The objective of using this object detection notebook is, using models pretrained on the Coco Dataset, to use transfer learning with Tensorflow's Object Detection API to train a selected model to detect objects in different classes within a set of images. In the original version of this notebook, the model was trained to detect red, yellow, and green traffic lights. I trained and used this model to detect redactions, signatures, initials, and dates from a variety of documents. When you run this notebook, you will be cloning two other repositories to your local work space, driving-object-detection and Ex_Scripts. After this notebook is finished running, you will have the trained model exported inside your local driving-object-detection repository with the name trained_model.tar.gz as well as metrics on how your model performs.

This Tensorflow Object Detection API is the original creation of Yuki Takahashi, with the GitHub username Yuki678. I merely modified a few scripts to make it more compatible so it can be run more smoothly. For credits and licensing information, see the end of this README.

Installation:

The installation is for this Object Detection notebook is fairly straightforward. Make sure you have Python and Jupyter Notebook installed in your work space in order to run this notebook. This Object Detection notebook will also clone the driving-object-detection and Ex_Scripts repositories to your work space so ensure that you have enough memory. One thing I would like to note is that some of the terminal commands are specific to the Debian OS.

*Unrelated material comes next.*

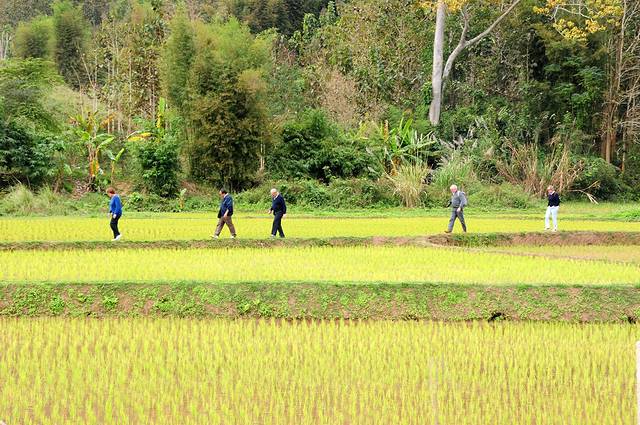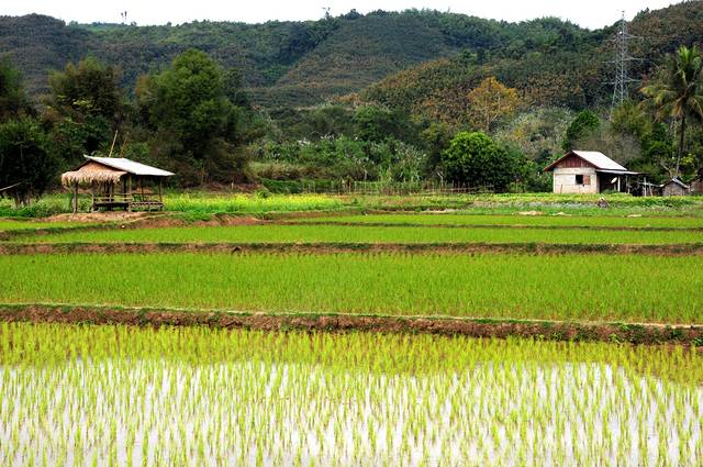 路过一大片水稻田,郁郁葱葱的水稻秧苗也吸引了一车外国游客纷纷下车驻足,他们可能也和我一样好奇于老挝米饭的醇香与粘糯。

Instructions for using your own data:

This notebook uses transfer learning, using models pretrained on the Coco dataset. Before cloning the driving-object-detection and Ex_Scripts repositories, you will need to decide which model you would like to use. This occurs in cell 5. You can choose from four models: ssd_mobilenet_v2_320x320_coco17_tpu-8, ssd_mobilenet_v2_fpnlite_320x320_coco17_tpu-8, centernet_resnet50_v1_fpn_512x512_coco17_tpu-8, and centernet_resnet101_v1_fpn_512x512_coco17_tpu-8. You should consider the scope and goal of your project, hardware constraints, and speed-accuracy tradeoff when deciding which model to use. To see more models trained on Coco and to examine the speed-accuracy tradeoff for each model, see this link: https://github.com/tensorflow/models/blob/master/research/object_detection/g3doc/tf2_detection_zoo.md

Most of the significant changes you will make will come after cell 18, which is where you clone the driving-object-detection and Ex_Scripts repositories. For your reference, this is what cell 18 is:

# This cell clones all the content from the original driving object detection repository into the repository directory path.
# It also checks that the label map and pipeline files exist.
# I added the line: os.makedirs(model_dir, exist_ok=True) after cloning  and pulling the repositories. 
# This ensures that a training sub folder will be created.
# The original clone command is !git clone {repo_url}
# Since the repository is public you will not be prompted to give your github username and password.
# But if you are prompted here is what you should do.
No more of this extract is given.